ACCOUNTABLE COFFEE : DAY 19 : Tyler Whisnand

ACCOUNTABLE COFFEE : DAY 19 : Tyler Whisnand

Tyler Whisnand
Creative Director at W+K, Artist, Thinker

The Art that I’ve made—well, I enjoy getting lost in it. It is relaxing and it takes you away. One of my favorite art teachers in school took us out of the studio, outside to play tag. This was in college and I hadn’t played tag in years. We had the best time. We were kind of wondering why we were playing tag during art class. Afterwards, we were exhausted and our teacher, she said “You know that feeling you get when you are playing tag? You completely forget everything and you are only focused on that. That is the way you should feel when you make art.”

I got in trouble with my camera one time, it jammed on me. I called the guy who sold me the camera. He was in Holland and I was here in Portland. The camera is a Leica M6 and it jammed. I couldn’t get it to work, so I called the guy and I said “Is there some special trick?” And he said, “No that’s unusual. What were you doing?” I said, “ I was shooting pictures really quickly.” He said, “You were shooting quickly? C’mon, you were shooting too fast. That camera is for someone who looks and thinks. Its not a digital camera.” That was a huge lesson. Sometimes you do get excited about what you are doing, but its good to breathe, as well, when you are doing it.

There should be no difference (between personal and commercial creativity). In the professional world you are working with other people but if the work you’re making doesn’t have yourself in it, it is of little consequence and it won’t be any good.

If you are just doing what people tell you to do, it’s not going to be good anyway.

There is the madness of popular creativity. You can react to it. You can make fun of it in some regard or be curious about. I think a lot of artists become curious by what the vernacular is. Like, how are you supposed to take a photograph? We are taught very young what that means, because we are told to pose for a photograph. We know how a photograph is supposed to be taken. You are supposed to look at the camera and you are supposed to sit a certain way or turn a certain way and you’re suppose to smile. You learn the vernacular so it is up to creative people or artists to work with that vernacular to change it, go against it, react to it. You can also be curious by what you find. I think if you went through everyone in this room’s albums, you could find that they are incredibly similar. I think it takes an artist to come up with concepts like that and celebrate the connection.

If you study the history of art, if you are aware of what has gone before and what is happening now, you are in touch with human history. There is no better survey of accomplishment, strife, birth and re-birth, death, destruction, religion, politics, history than to study the history of art.
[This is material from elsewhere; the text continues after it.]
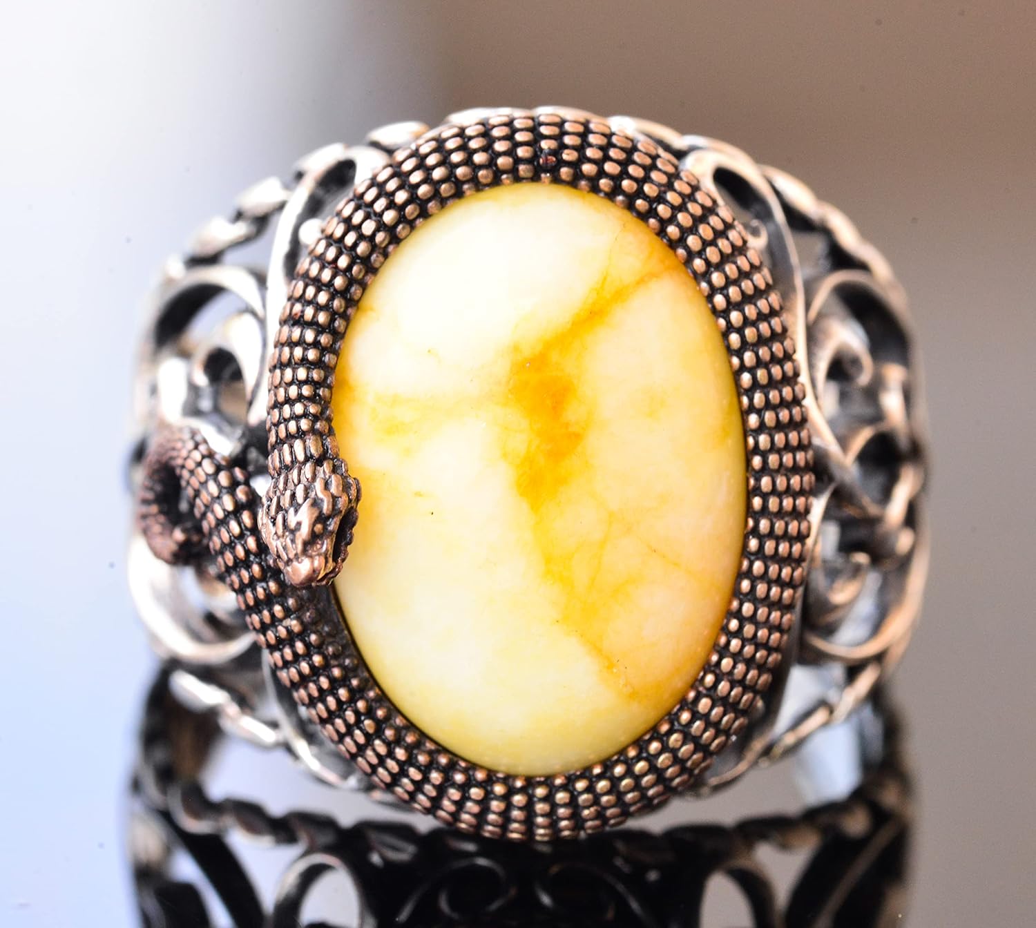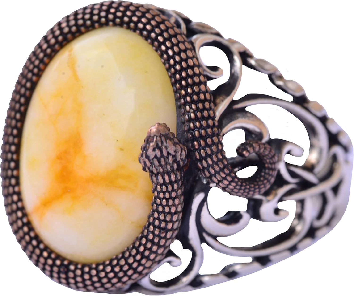 925 Ayar Katı Gümüş Erkek Yüzük - Doğal Taşlarla El Yapımı Şıklık (Sarı Ağaç Taşı)

You will make a lot of friends (when you study art), because you will know these artists, you will know these paintings, you will know these sculptures, these works of art and wherever you go in the world you can stop in and say hello to them. Like if you are in London, you can stop in and say hello to Rubens or Gainsborough or Mr. Norman Foster, Francis Bacon. If you are in Spain you can visit Goya. And they give you strength. I think that is the most exhilarating thing. You can’t really put your finger, exactly, on what each thing means, it just does. There is something special about it. I think that is why we as a society build museums, because there is something special about it that is vital to who we are.

And it constantly changes. It inspires you in your daily life. It’s why you need poetry. Sometimes, you need things in your life that don’t make sense, they just make you feel a certain way. There is no qualifying it. There is no top 40 radio station that will give that to you.